--- START ---

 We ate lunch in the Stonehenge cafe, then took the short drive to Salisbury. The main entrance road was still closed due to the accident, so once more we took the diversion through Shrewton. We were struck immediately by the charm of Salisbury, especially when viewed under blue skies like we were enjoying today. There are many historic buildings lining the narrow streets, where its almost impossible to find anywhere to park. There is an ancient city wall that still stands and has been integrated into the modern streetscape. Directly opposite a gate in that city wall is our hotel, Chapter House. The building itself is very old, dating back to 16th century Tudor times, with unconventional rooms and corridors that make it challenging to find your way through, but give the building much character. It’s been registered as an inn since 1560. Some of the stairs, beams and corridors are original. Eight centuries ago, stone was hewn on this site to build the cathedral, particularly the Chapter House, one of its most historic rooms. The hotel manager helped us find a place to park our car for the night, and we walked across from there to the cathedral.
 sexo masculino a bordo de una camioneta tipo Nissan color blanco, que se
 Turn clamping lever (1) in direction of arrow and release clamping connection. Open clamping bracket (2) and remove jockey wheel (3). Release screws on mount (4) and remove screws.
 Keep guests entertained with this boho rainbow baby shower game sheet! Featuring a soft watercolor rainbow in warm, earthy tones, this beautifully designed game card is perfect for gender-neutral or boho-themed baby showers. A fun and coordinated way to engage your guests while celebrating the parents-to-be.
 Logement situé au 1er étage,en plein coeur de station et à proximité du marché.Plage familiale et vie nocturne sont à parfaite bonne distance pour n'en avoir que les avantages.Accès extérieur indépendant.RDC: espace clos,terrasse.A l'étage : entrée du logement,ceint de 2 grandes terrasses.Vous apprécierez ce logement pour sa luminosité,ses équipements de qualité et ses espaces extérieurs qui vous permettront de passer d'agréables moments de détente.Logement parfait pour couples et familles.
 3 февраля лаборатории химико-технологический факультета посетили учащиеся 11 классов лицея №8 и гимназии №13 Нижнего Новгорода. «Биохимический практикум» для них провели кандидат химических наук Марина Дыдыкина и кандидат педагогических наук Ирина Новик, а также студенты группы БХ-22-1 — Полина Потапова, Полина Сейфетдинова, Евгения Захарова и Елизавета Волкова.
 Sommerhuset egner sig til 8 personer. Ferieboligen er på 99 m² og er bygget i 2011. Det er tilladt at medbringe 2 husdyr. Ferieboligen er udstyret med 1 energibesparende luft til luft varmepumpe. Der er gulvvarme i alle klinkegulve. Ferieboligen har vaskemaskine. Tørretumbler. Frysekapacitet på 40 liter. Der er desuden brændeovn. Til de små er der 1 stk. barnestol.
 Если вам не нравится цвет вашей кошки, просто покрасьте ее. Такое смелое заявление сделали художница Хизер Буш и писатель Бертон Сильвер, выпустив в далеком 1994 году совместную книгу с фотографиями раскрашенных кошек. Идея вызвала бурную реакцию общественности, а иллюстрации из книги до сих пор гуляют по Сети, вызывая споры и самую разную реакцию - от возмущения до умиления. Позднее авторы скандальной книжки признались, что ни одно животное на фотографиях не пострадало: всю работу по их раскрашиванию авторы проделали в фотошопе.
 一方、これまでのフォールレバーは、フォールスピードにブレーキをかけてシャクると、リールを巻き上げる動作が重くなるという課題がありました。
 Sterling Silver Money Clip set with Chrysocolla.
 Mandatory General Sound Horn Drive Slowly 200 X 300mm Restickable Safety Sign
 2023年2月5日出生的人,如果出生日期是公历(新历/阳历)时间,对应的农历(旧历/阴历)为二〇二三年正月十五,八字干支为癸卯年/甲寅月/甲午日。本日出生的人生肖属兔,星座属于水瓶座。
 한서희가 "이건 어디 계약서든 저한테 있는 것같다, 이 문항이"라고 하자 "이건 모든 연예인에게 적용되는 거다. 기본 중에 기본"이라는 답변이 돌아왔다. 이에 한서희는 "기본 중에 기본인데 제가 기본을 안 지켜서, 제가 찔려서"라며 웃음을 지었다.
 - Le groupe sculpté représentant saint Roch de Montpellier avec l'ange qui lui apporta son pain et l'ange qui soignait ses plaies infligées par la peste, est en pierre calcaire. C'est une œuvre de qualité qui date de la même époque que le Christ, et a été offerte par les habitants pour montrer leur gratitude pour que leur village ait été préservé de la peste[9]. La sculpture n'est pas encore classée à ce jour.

--- END ---

Nothing in the records may change. Print all of them.

 We ate lunch in the Stonehenge cafe, then took the short drive to Salisbury. The main entrance road was still closed due to the accident, so once more we took the diversion through Shrewton. We were struck immediately by the charm of Salisbury, especially when viewed under blue skies like we were enjoying today. There are many historic buildings lining the narrow streets, where its almost impossible to find anywhere to park. There is an ancient city wall that still stands and has been integrated into the modern streetscape. Directly opposite a gate in that city wall is our hotel, Chapter House. The building itself is very old, dating back to 16th century Tudor times, with unconventional rooms and corridors that make it challenging to find your way through, but give the building much character. It’s been registered as an inn since 1560. Some of the stairs, beams and corridors are original. Eight centuries ago, stone was hewn on this site to build the cathedral, particularly the Chapter House, one of its most historic rooms. The hotel manager helped us find a place to park our car for the night, and we walked across from there to the cathedral.
 sexo masculino a bordo de una camioneta tipo Nissan color blanco, que se
 Turn clamping lever (1) in direction of arrow and release clamping connection. Open clamping bracket (2) and remove jockey wheel (3). Release screws on mount (4) and remove screws.
 Keep guests entertained with this boho rainbow baby shower game sheet! Featuring a soft watercolor rainbow in warm, earthy tones, this beautifully designed game card is perfect for gender-neutral or boho-themed baby showers. A fun and coordinated way to engage your guests while celebrating the parents-to-be.
 Logement situé au 1er étage,en plein coeur de station et à proximité du marché.Plage familiale et vie nocturne sont à parfaite bonne distance pour n'en avoir que les avantages.Accès extérieur indépendant.RDC: espace clos,terrasse.A l'étage : entrée du logement,ceint de 2 grandes terrasses.Vous apprécierez ce logement pour sa luminosité,ses équipements de qualité et ses espaces extérieurs qui vous permettront de passer d'agréables moments de détente.Logement parfait pour couples et familles.
 3 февраля лаборатории химико-технологический факультета посетили учащиеся 11 классов лицея №8 и гимназии №13 Нижнего Новгорода. «Биохимический практикум» для них провели кандидат химических наук Марина Дыдыкина и кандидат педагогических наук Ирина Новик, а также студенты группы БХ-22-1 — Полина Потапова, Полина Сейфетдинова, Евгения Захарова и Елизавета Волкова.
 Sommerhuset egner sig til 8 personer. Ferieboligen er på 99 m² og er bygget i 2011. Det er tilladt at medbringe 2 husdyr. Ferieboligen er udstyret med 1 energibesparende luft til luft varmepumpe. Der er gulvvarme i alle klinkegulve. Ferieboligen har vaskemaskine. Tørretumbler. Frysekapacitet på 40 liter. Der er desuden brændeovn. Til de små er der 1 stk. barnestol.
 Если вам не нравится цвет вашей кошки, просто покрасьте ее. Такое смелое заявление сделали художница Хизер Буш и писатель Бертон Сильвер, выпустив в далеком 1994 году совместную книгу с фотографиями раскрашенных кошек. Идея вызвала бурную реакцию общественности, а иллюстрации из книги до сих пор гуляют по Сети, вызывая споры и самую разную реакцию - от возмущения до умиления. Позднее авторы скандальной книжки признались, что ни одно животное на фотографиях не пострадало: всю работу по их раскрашиванию авторы проделали в фотошопе.
 一方、これまでのフォールレバーは、フォールスピードにブレーキをかけてシャクると、リールを巻き上げる動作が重くなるという課題がありました。
 Sterling Silver Money Clip set with Chrysocolla.
 Mandatory General Sound Horn Drive Slowly 200 X 300mm Restickable Safety Sign
 2023年2月5日出生的人,如果出生日期是公历(新历/阳历)时间,对应的农历(旧历/阴历)为二〇二三年正月十五,八字干支为癸卯年/甲寅月/甲午日。本日出生的人生肖属兔,星座属于水瓶座。
 한서희가 "이건 어디 계약서든 저한테 있는 것같다, 이 문항이"라고 하자 "이건 모든 연예인에게 적용되는 거다. 기본 중에 기본"이라는 답변이 돌아왔다. 이에 한서희는 "기본 중에 기본인데 제가 기본을 안 지켜서, 제가 찔려서"라며 웃음을 지었다.
 - Le groupe sculpté représentant saint Roch de Montpellier avec l'ange qui lui apporta son pain et l'ange qui soignait ses plaies infligées par la peste, est en pierre calcaire. C'est une œuvre de qualité qui date de la même époque que le Christ, et a été offerte par les habitants pour montrer leur gratitude pour que leur village ait été préservé de la peste[9]. La sculpture n'est pas encore classée à ce jour.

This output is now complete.